We summarized these findings in an arrangement of plots in Figure 3 for 0.0 nA injected current and for currents 0.1–0.4 nA in the Supplementary material. The rows and columns of subplots are each associated with one of the parameters (gNa, gCaT, gCaS, gA, gKCa, gKd, gH, gL, and τCa). The interpretations of each of the plotted marginal types are explained in the following:

3.2.2.1. 1D marginals

The diagonal portion of the subplot matrix shows the one-dimensional (1D) marginals (distribution histograms) of the solutions for each of the individual parameters. The x-axis represents the range of values, and the y-axis represents the probability of that value producing a good fit between data and model outputs. These distributions provide both the likeliest solutions (i.e., the peaks) as well as their uncertainty (distribution around the peaks). For example, the top left 1D marginal of the sodium conductance gNa has 4 peaks, and the width of these peaks allows to assess the uncertainty (or sensitivity) of the sodium conductance gNa.

3.2.2.2. 2D marginals

The remaining subplots are the two-dimensional (2D) marginals of the posterior distributions. Each row and column represent a parameter θ of the model, and each of the points within the subfigure is a solution found by the MCMC algorithm. To show the probability distribution within the solution space, we set the alpha value (the transparency of the color) of each solution to α = 10−3 (where opaque is α = 1). A highly probable region has many more points and therefore will appear more opaque. The color of each point represents the loss value ranging from blue to yellow (low to high, respectively). These plots show the dependence of each parameter on another. Some of these dependencies are linear (for example, [row, col]: [gKd, gNa]), and some are non-linear (for example, [row, col]: [gKd, gCaT]). Some of the linear dependencies are vertical and horizontal, signifying that one parameter is independent from the other (for example, vertical [gH, gCaT], [gH, gNa] and horizontal [τCa, gCas]).

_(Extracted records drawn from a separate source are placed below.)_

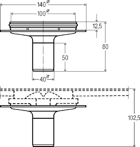 Advantix-odpływ liniowy-odpływ, odpływ pionowy, nie występuje: syfon. Wyposażenie: Sitko. Dane techniczne: wydajność odpływu przy wysokości spiętrzenia 10 mm 1,2 l/s, wydajność odpływu przy wysokości spiętrzenia 20 mm 1,2 l/s, nr wzoru 4982.83, nr kat. 766 955, DN: 40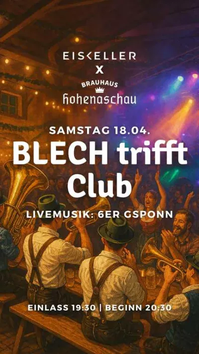 🎉 BLECH trifft CLUB am 18.04.2026 im Eiskeller Aschau 🎶 Erlebt ein einzigartiges Kunstprojekt mit Livemusik von 6er Gsponn ab 20:30 Uhr und einem unserer Resident DJs ab 00:30 Uhr! 🍻 Genießt frisch gezapftes Weißbier und eine unvergessliche Nacht in Tracht! 💃🕺 Sichert euch schnell eure Tickets, der Großteil ist schon vergriffen! Einlass ab 19:30 Uhr, ab 18 Jahren. 🎟️ Tickets gibt es hier: https://www.eventim-light.com/de/a/67fd4b922c069151b9bc1ca2/e/697a0bfe862f444ec6be4c79?lang=de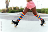 Beautiful woman skating with roller skates and having fun. Professional skater and dancer training in the morning wearing colored and fashionable clothes.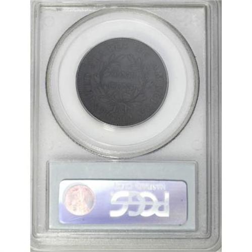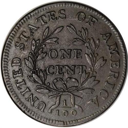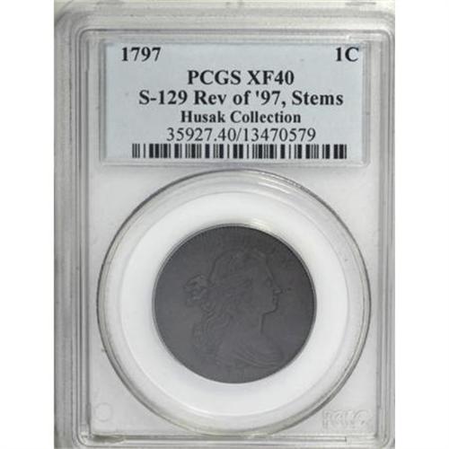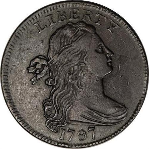 <B>1797 1C Reverse of 1797. XF40 PCGS. S-129, B-24, R.5.</B></I> <B>Bland VF20; tied for CC-3. Noyes VF20; tied for CC-3. Photo #23056. Our EAC Grade VF20.<BR><BR>Equivalents.</B></I> Proskey 17; Doughty 108; McGirk 16A; Clapp-Newcomb 12; EAC 24; <I>Encyclopedia</B></I> 1710; PCGS #1422.<BR><B><BR>Variety. </B></I>1, 7, and R all free, broken B. M corrected from E. The obverse appears on S-129, S-130, S-131, and NC-8. The reverse appears on S-128 and S-129.<BR><B><BR>Surfaces.</B></I> Light steel-brown with traces of olive color on both sides. The surfaces are smooth, with few imperfections aside from the usual minor handling marks associated with the grade.<BR><B><BR>Die State II.</B></I> The curved break that eventually develops behind the hair ribbon is only a faint outline in this die marriage. The reverse has several sets of clash marks.<BR><B><BR>Appearances. </B></I>The obverse and reverse are illustrated in Noyes (2007).<BR><B><BR>Census.</B></I> A rare variety, seldom found decent. Two examples just make the XF grade level per Bland, but grade high in the VF range per Noyes. This pleasing VF20 coin is tied with one other for third finest known. In 1949, Sheldon graded one specimen (probably the Newcomb-ANS coin) MS60, and he graded the same coin XF45 in 1958. Today, Bland grades the ANS coin XF40 and Noyes calls it VF35.<BR><B><BR>Commentary.</B></I> In <I>Early American Cents</B></I>, Sheldon described S-129 as "one of the famous and much sought rarities, since it was described and published by Proskey." When <I>Penny Whimsy</B></I> was published in 1958, it was considered Rarity-7, with just nine examples known, eight available to collectors. Today, the population is about 50 to 60 coins, almost all in lower grades.<BR><BR><B>Provenance.</B></I> <I>Flambeau Stamp & Coin Co. (1966 FPL), lot 66; C. Douglas Smith.</B></I><BR><BR><B>Personality.</B></I> <B>Flambeau Stamp & Coin Co.</B></I> is of interest to collectors for its July 1966 fixed-price catalog of early large cents. John D. Wright, in a footnote to his 1972 <I>Penny-Wise</B></I> article "A Survey of Large Cent Auctions: Part IV: Fixed-Price Offerings," suggests why Flambeau did not become prominent in the field: "Most overgraded and underpriced."<BR><BR><b>Shipping:</b> Coins & Currency (<a target="_blank" href="http://www.heritageauctions.com/common/shipping.php">view shipping information</a>)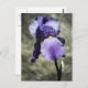 A photograph of a new purple Iris flower blossom. The background is a boulder in the garden.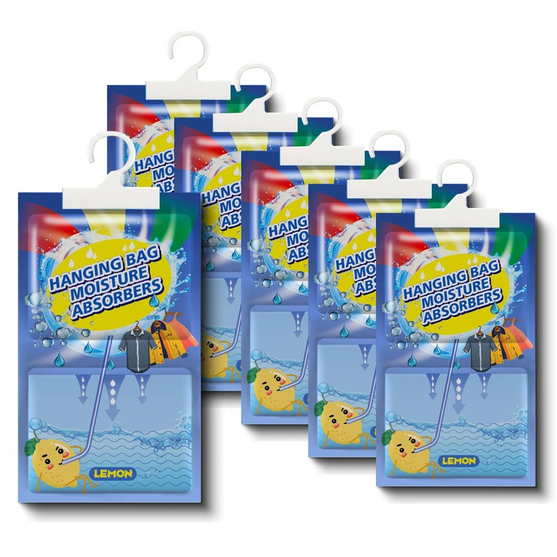 • 👍【Ausreichende Menge】 Das Paket enthält 5 Packungen Feuchtigkeitsabsorber, diese Entfeuchtungsbeuteln bestehen aus Entfeuchtungsbeuteln und Trockenmittel, einfach zu installieren, einfach die Lufttrockner an den Kunststoffregalen befestigen und fertig. Der hängende Luftentfeuchter fängt überschüssige Feuchtigkeit in der Luft auf und sammelt sie im Auffangbeutel, gleichzeitige Freisetzung von Zitronenaroma, um Gerüche in der Luft zu beseitigen.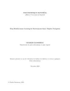 | Citer en APA 7: | Dansereau, C. (2023). Deep Reinforcement Learning for Environment-Aware Mapless Navigation [Mémoire de maîtrise, Polytechnique Montréal]. PolyPublie. https://publications.polymtl.ca/57051/ |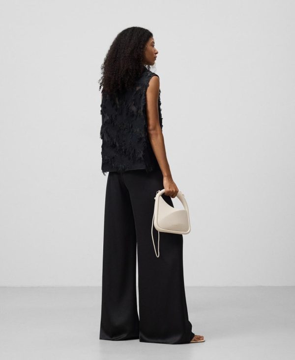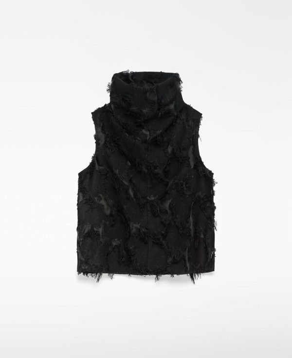 Top mujer. Manga sisa. Cuello chimenea. Tejido con transparencias y flecos.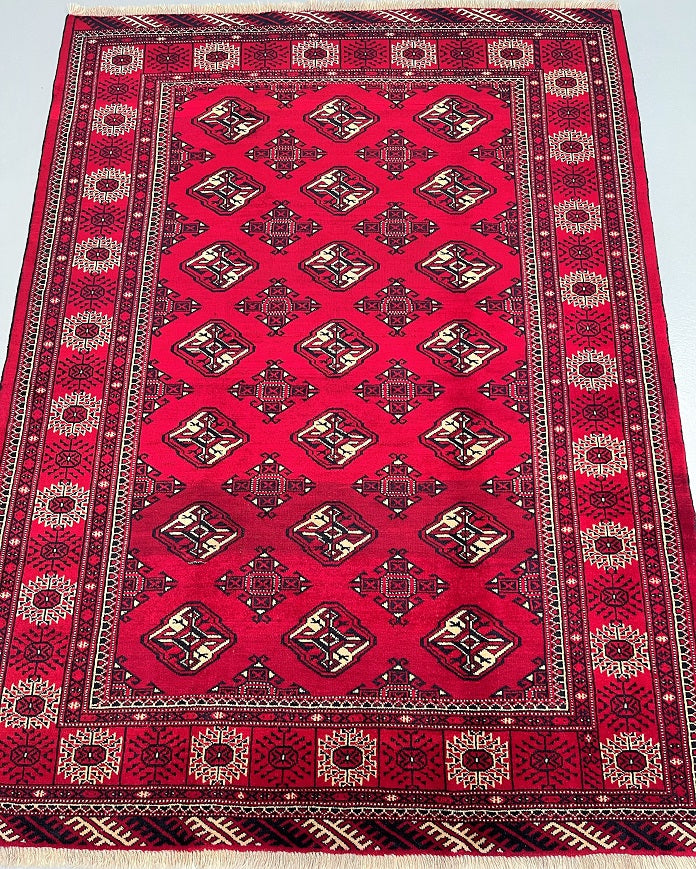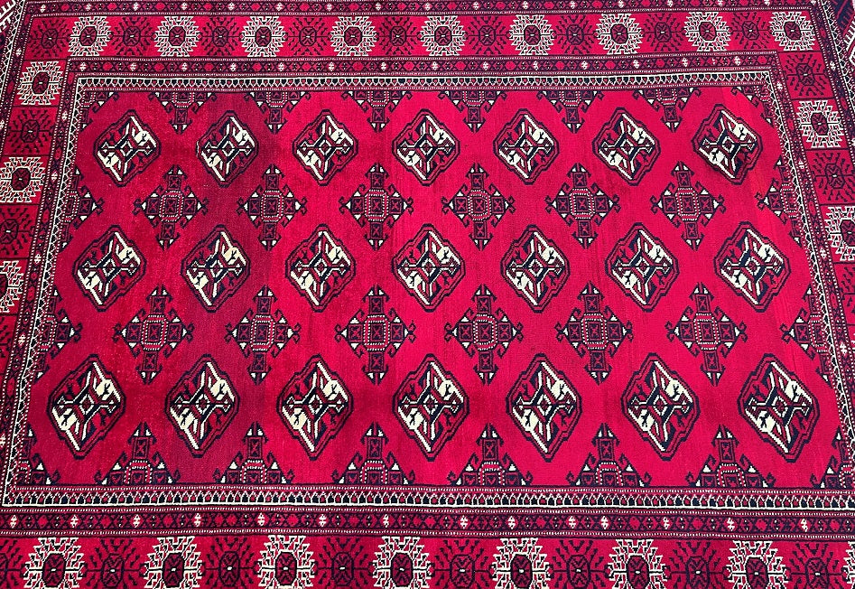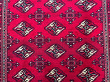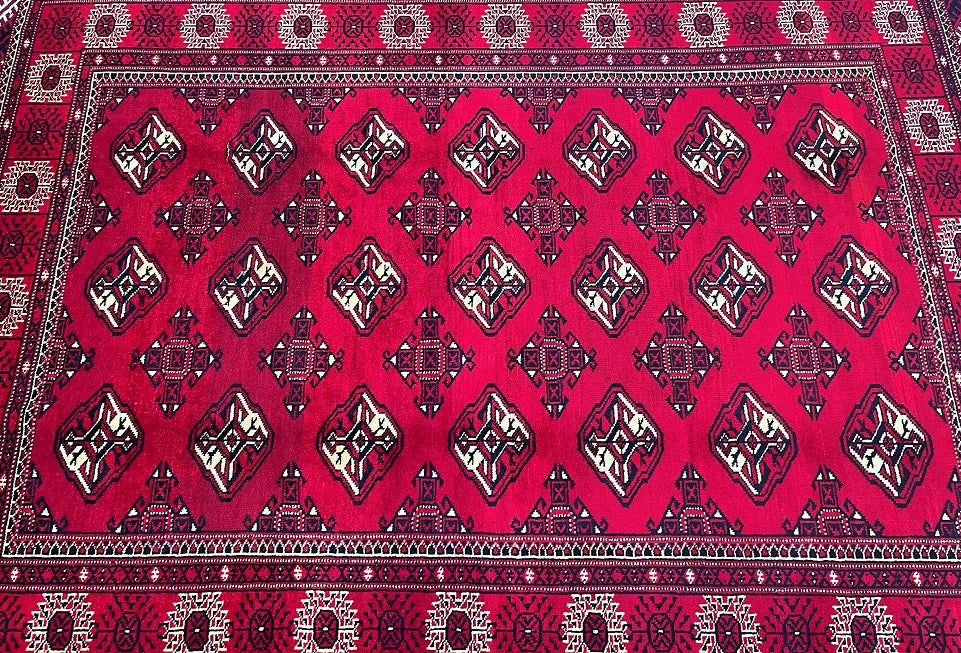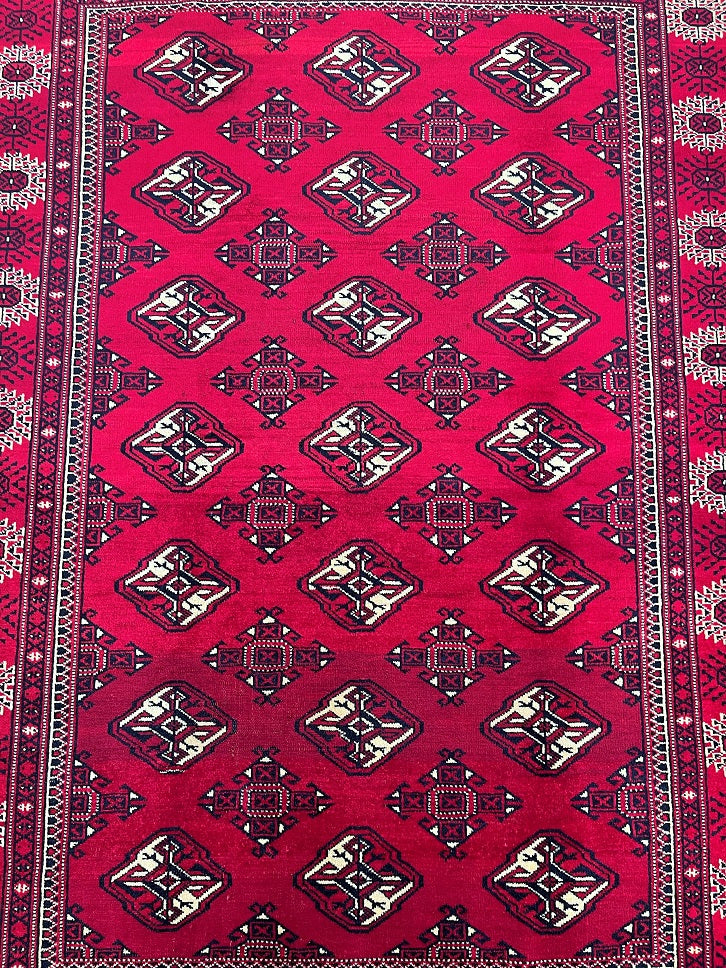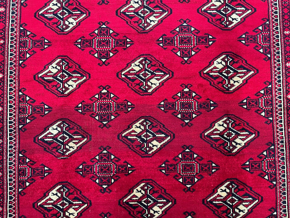 This is an authentic, handmade vintage Bokhara Persian Turkoman rug. One of its notable features is the color variation, which adds character to the rug. It has a pure hand-spun wool pile on a wool base. The rug showcases a vibrant red tone that has been dyed using traditional methods. It features an allover geometric design that is renowned as the Bokhara pattern. The rug exhibits fine workmanship, and it would have taken a weaver approximately 4 months to weave it. It was hand-woven in East Persia. The size of the rug is 210 x 135 cm, and its gallery replacement value is estimated at $2390.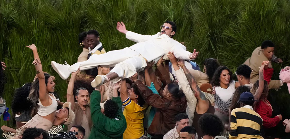 La actuación de Bad Bunny fue una celebración de la diversidad cultural, con un repertorio mayormente en español que destacó elementos de su herencia puertorriqueña y latina, así como invitaciones especiales a artistas como Lady Gaga y Ricky Martin durante partes de la presentación. El momento culminante llegó con la enumeración de países tales como Chile, Argentina, Uruguay, Paraguay, Bolivia, Perú, Ecuador, Brasil, Colombia, Venezuela, Guyana, Panamá, Costa Rica, Nicaragua, Honduras, El Salvador, Guatemala, México, Cuba, República Dominicana, Jamaica, Haití, Las Antillas, Estados Unidos, Canadá y Puerto Rico, acompañados de sus banderas, en una reinterpretación de lo que significa “América” más allá de los límites de Estados Unidos.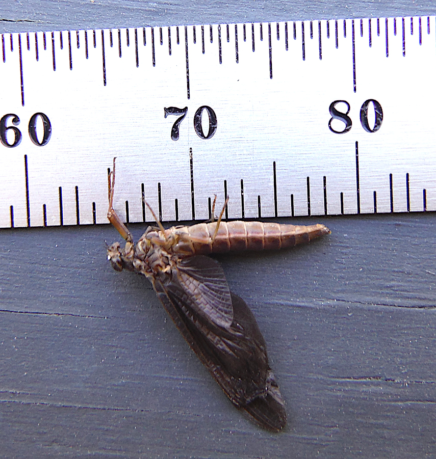 It must be mentioned that this fly came to me with tails missing and ‘The Neighbor’ said that was how he had found it. The previous pictures show the fly in as healthy a state as it ever was according to ‘The Neighbor’. I definitely mishandled/abused the fly to the point that I was able to lay it inline with the scale.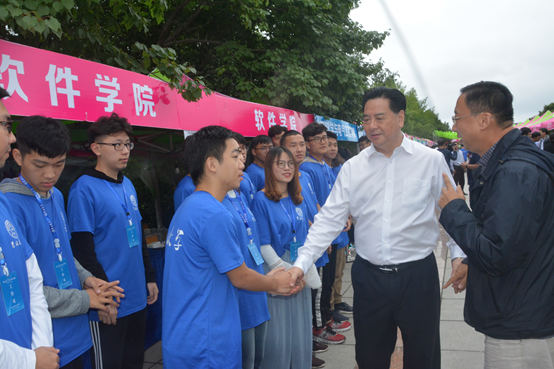 校领导对新生关怀备至,校长李元元、党委书记杨振斌带领学校各部门相关领导亲临迎新现场,亲切的问候了迎新工作志愿者们,充分表现了我校领导对新生的关注和爱护。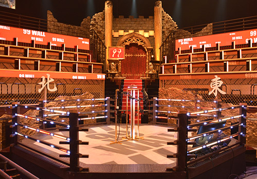 「四面楚歌」。四方を取り囲まれたコロシアム風にしたい、と言われました。それで、格闘技のリングをイメージしたステージを中央に置いて、そこに向かってあたかも高い壁が迫りくるような空間を作りたいと思いました。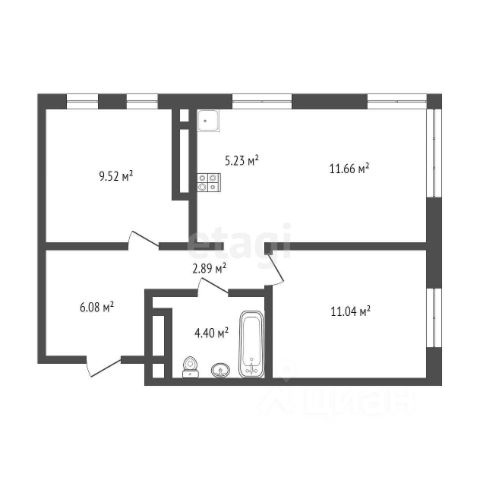 Общая площадь 36,7 м2.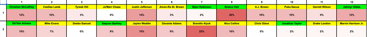 WR42 Ladd McConkey at 20%: What if Justin Herbert is really good behind a great offensive line? What if OC Greg Roman isn't as run heavy without Lamar and Kaepernick? What if McConkey, who led the Power 5 in EPA per route last year, is just really damn good? There are a lot of outs here, without a lot of target competition. McConkey's 4.39 speed and 90th percentile agility make him a tough matchup in man coverage and someone worth scheming up touches to underneath. I had a late Round 1 grade on him and love the landing spot. Our video on him is here.

3.2.3. AM model—Aggregate constraint

To test the versatility of the MCMC algorithm at solving the inverse problem for HH-type equations, we combined all the input currents into a single analysis called “aggregate constraint” (more details given in Section methods).

The posterior resulting from the aggregate constraint analysis is visualized as a solution map in Figure 4. The same analysis as for the individual constrained can be performed to determine the peaks and variations of individual parameters using the 1D marginals and the dependence of two parameters using the 2D marginals. Compared with the individual constraint, the loss values are higher; hence the yellow colors dominate in these maps. The aggregate constraint solution map encompasses a subset of the individual constraint solution maps. To illustrate this in Figure 5, we show the intersection (multiplication of the posterior) of the kernel density estimates (KDEs) of the solution maps from the aggregate constraint and the two individual constraints 0.0 and 0.2 nA, as an example. Figure 5 first depicts the intersection between the individual constraints 0.0 and 0.2 nA, and compares it to the aggregate constraint via an additional intersection (elementwise multiplication) to extract their commonalities. The distinctive features (in dark blue/purple color) found in the individual constraints are found in the intersection (bottom) even though they were not prominent in the aggregate constraint results. In the next section we formalize the commonalities between solution maps, which we hinted at with intersections, using a metric called the Wasserstein distance.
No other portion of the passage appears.